It is important to know that you can create two arrays that share the same memory block, but with a different starting address and a different strides
. This is the mechanism used when slicing an array or reshaping the array.
from numpy import *
a = arange(10, dtype=int16)
print a.strides # (2,)
b = a[::2]
print b.strides # (4,)
a = array([1,2],[3,4])
I,J = a.strides
a.strides = (J,I) # transposition
This mechanism is very fast and efficient because no copy of the data is performed. However, we should remember that modifying the content of one array will modify the content of all arrays that share the same memory block.

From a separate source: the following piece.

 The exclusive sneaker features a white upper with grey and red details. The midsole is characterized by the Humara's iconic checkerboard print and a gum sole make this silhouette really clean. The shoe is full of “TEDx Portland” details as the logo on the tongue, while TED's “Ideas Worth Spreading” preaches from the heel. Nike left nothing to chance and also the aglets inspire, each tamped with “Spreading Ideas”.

We have seen in the previous section that we can use operation on array (like +
, *
, /
, ...). They will perform the operatio element by element and return a new array. Those operation can also be used between an array and a scale (2*a
). Numpy has a mechanism called broadcasting that makes possible, under certain circumstance (see docs.scipy.org/doc/numpy/user/basics.broadcasting.html), to work with two arrays of different sizes. For example an array of size \(m\times1\) can operate with an array of size \(1\times n\) to form an array of size \(m\times n\). The arrays are broadcast to have the correct dimension by duplicating the column or row. Indeed, there is no real dupliction, simply numpy set the strides of the broadcast dimension to 0.
6.1.8. Beyond numpy¶
As we have seen, numpy array should be used when dealing with large data set. You should not use loops with numpy array. When there is a way to not use loop, execution can then be almost as fast as with a compiled language.

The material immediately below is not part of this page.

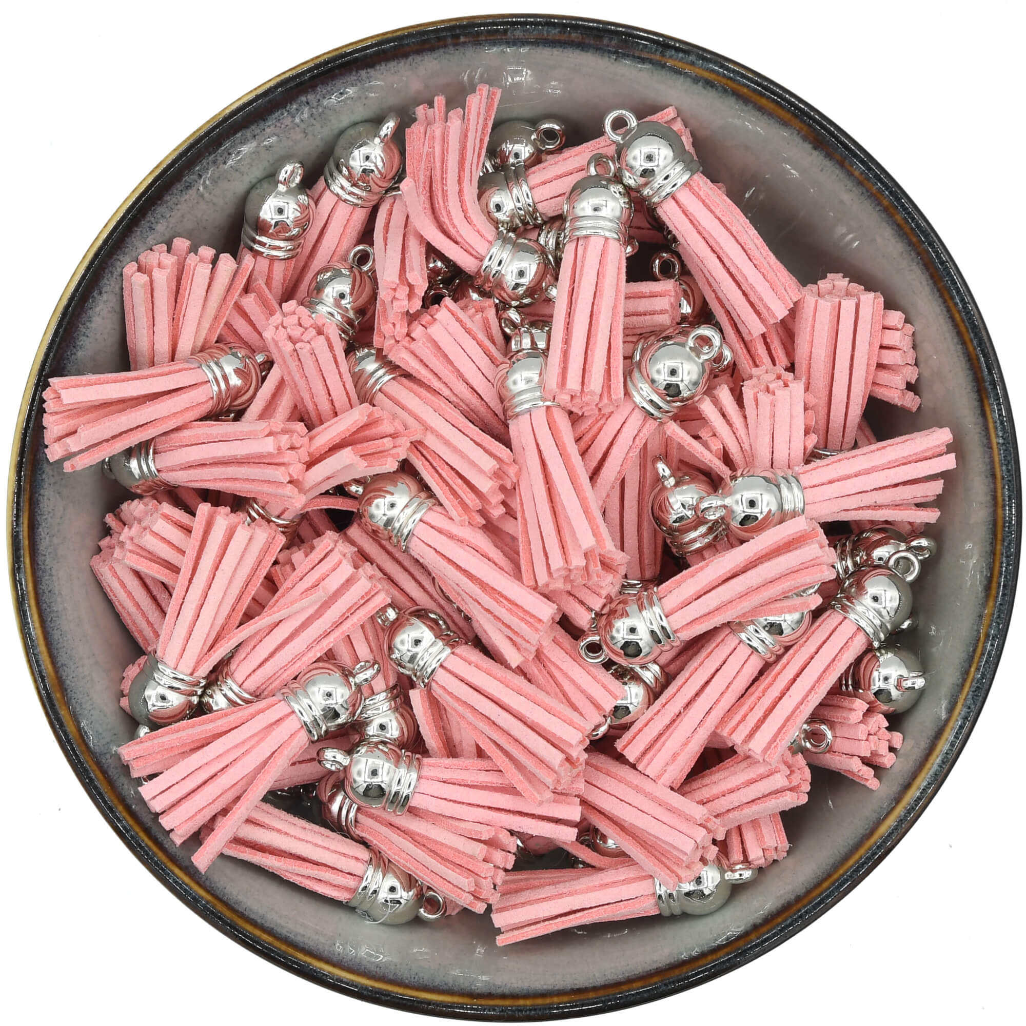 Leuke suède kwastjes van 35 mm, met zilveren kapje.

If you really have to use a loop and if this loop is the bottle neck of you program, then you can consider using alternative solution based on compilaton. There are two ways : either by building your library directely in the langage you choose, and then link it to python. In C, you can use the ctypes module and in Fortran, the F2PY module. The other, and more convenient, alternative is to use a tool to convert your function to a compiled langage. This a how the Cython module work.
6.1.8.1. Cython¶
The Cython package is used to convert a Python function to a C function which is compiled.

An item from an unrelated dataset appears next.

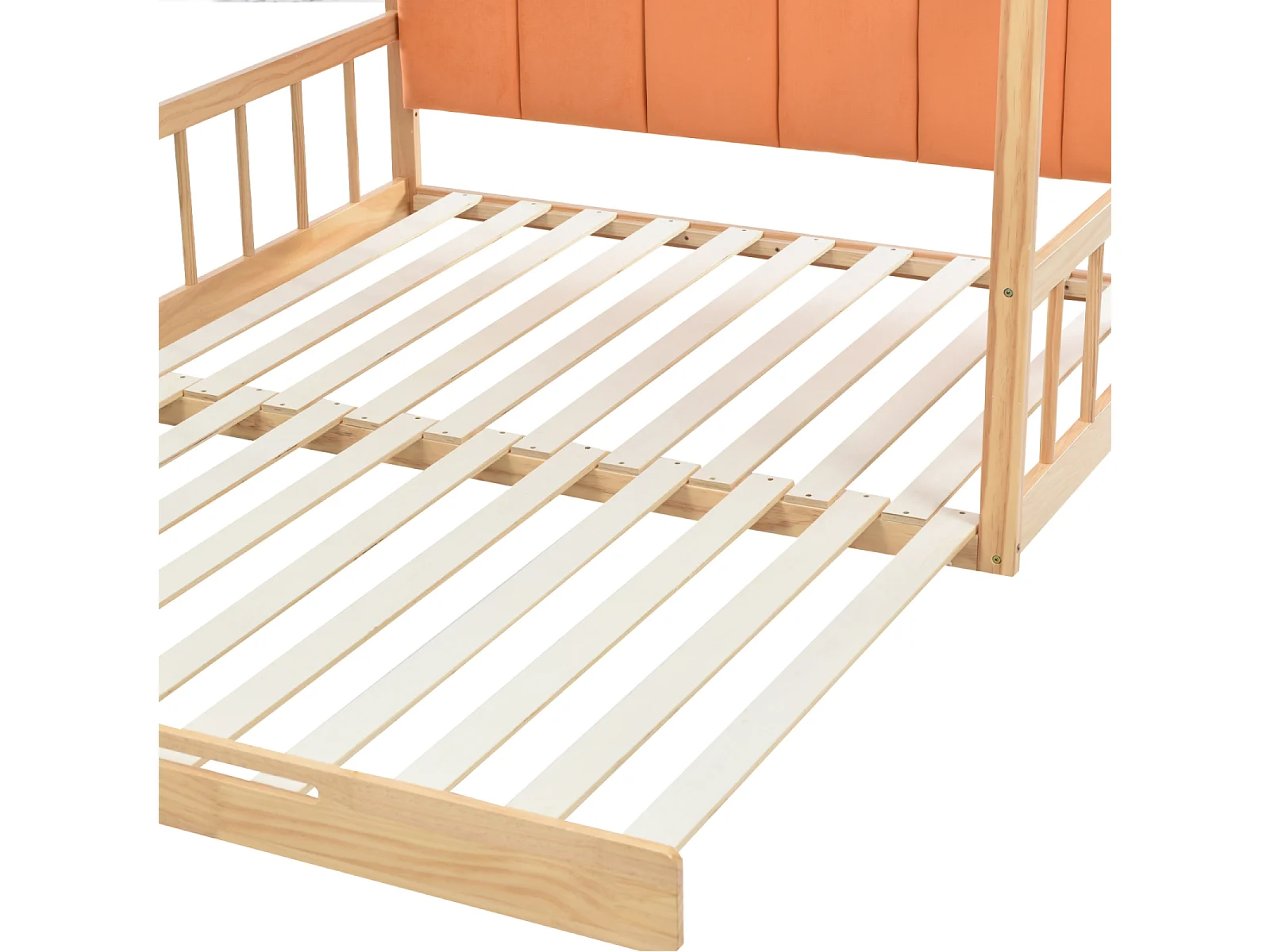 Cama infantil extensible tipo cabaña de 140x100-200 cm con cama nido, estructura de pino, cojines de terciopelo, madera natural y color naranja.
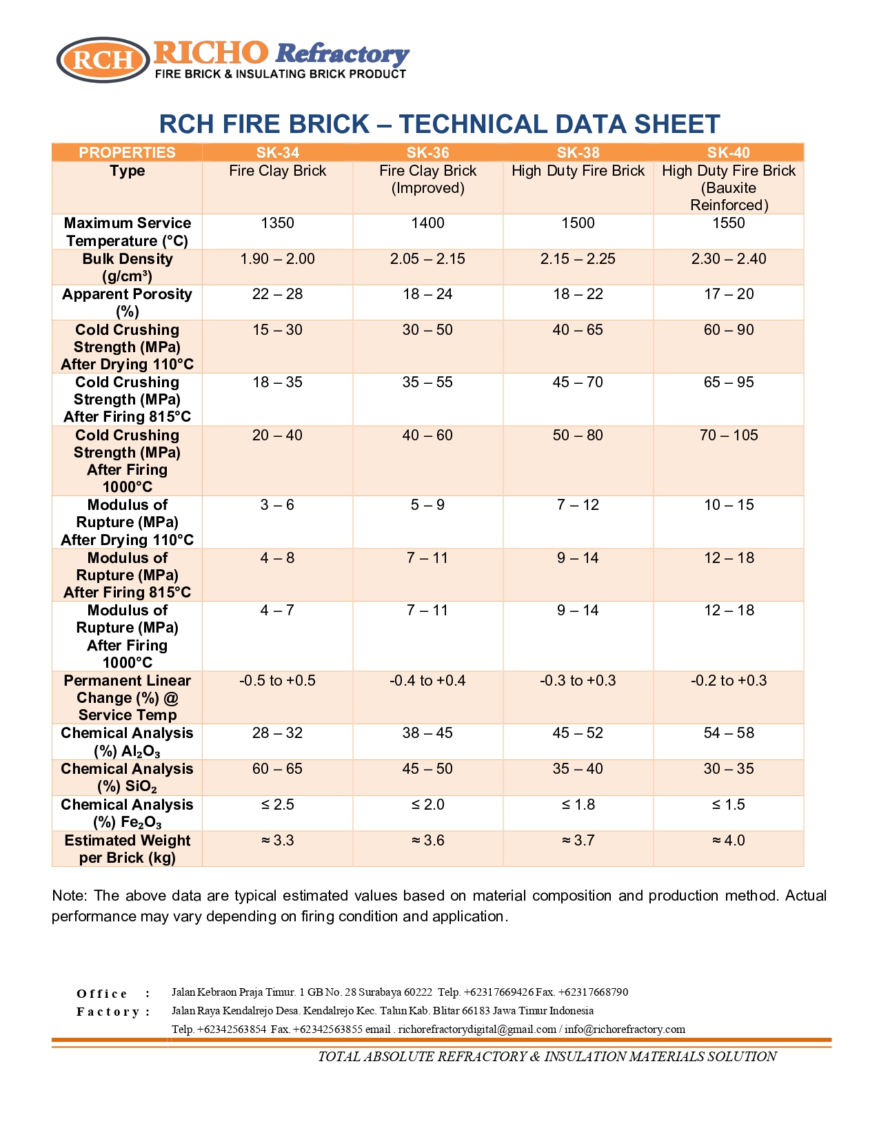 Fire Brick adalah bata tahan panas yang digunakan sebagai lining atau dinding pada peralatan bersuhu tinggi. Produk ini memiliki kekuatan mekanik yang baik dan stabilitas termal yang sesuai untuk aplikasi industri.

Let us see a simple example. We want to calculate the value of \(\pi\) using the following formula :
This formula is chosen because it is probably the slowest formula that can be used to calculate \(\pi\). We will calculate the sum up to \(k=10^6\). The %timeit
magic function of IPython was used.
# Using python
%timeit sum([(-1)**k/float(2*k+1) for k in range(10**6)])
# result : 493ms
%timeit sum([(1-2*(k%2))/float(2*k+1) for k in range(10**6)])
# result : 253 ms
def calc_pi(N):
out = 0
sgn = 1.
for k in range(N):
out += sgn/(2*k+1)
sgn = -sgn
return out
%timeit calc_pi(10**6)
# result 112ms
import numpy as np
k = np.arange(10**6, dtype=np.float64)
%timeit np.sum((1-(k%2))/(2*k+1))
# result : 17ms
Below is a simple example using cython. The online documentation (http://docs.cython.org/) will give you more informations on how to use cython and to compile the code below. We have created a calc_pi.pyx file from the pure python function. The pyx file contains regular Python code with declaration of the type of variable.
def calc_pi(int N):
cdef double out = 0
cdef int i
cdef double sgn = 1
for i in xrange(N):
out += sgn/(2*i+1)
sgn = -sgn
return out
To use the code below, run the following script
import pyximport; pyximport.install()
import calc_pi
print calc_pi(1E6)
Once compiled, the calc_pi function can be used as any python function. The duration is 4.9ms, four times faster than numpy. Even in the situation where numpy can be used, cython can be faster, the main reason is that in this example we don’t need to store an array in memory.
6.1.8.2. ctypes¶
Ctypes is a library that allow to use C functions in Python. This library allow you to link any functions. You don’t need the source code of the function but only a compiled shared library (.so for linux and .dll for windows). For this example, I will show you how to compile your shared library from a C file, but ctypes can be used even if you get a library from a third party (for example the driver of an instrument).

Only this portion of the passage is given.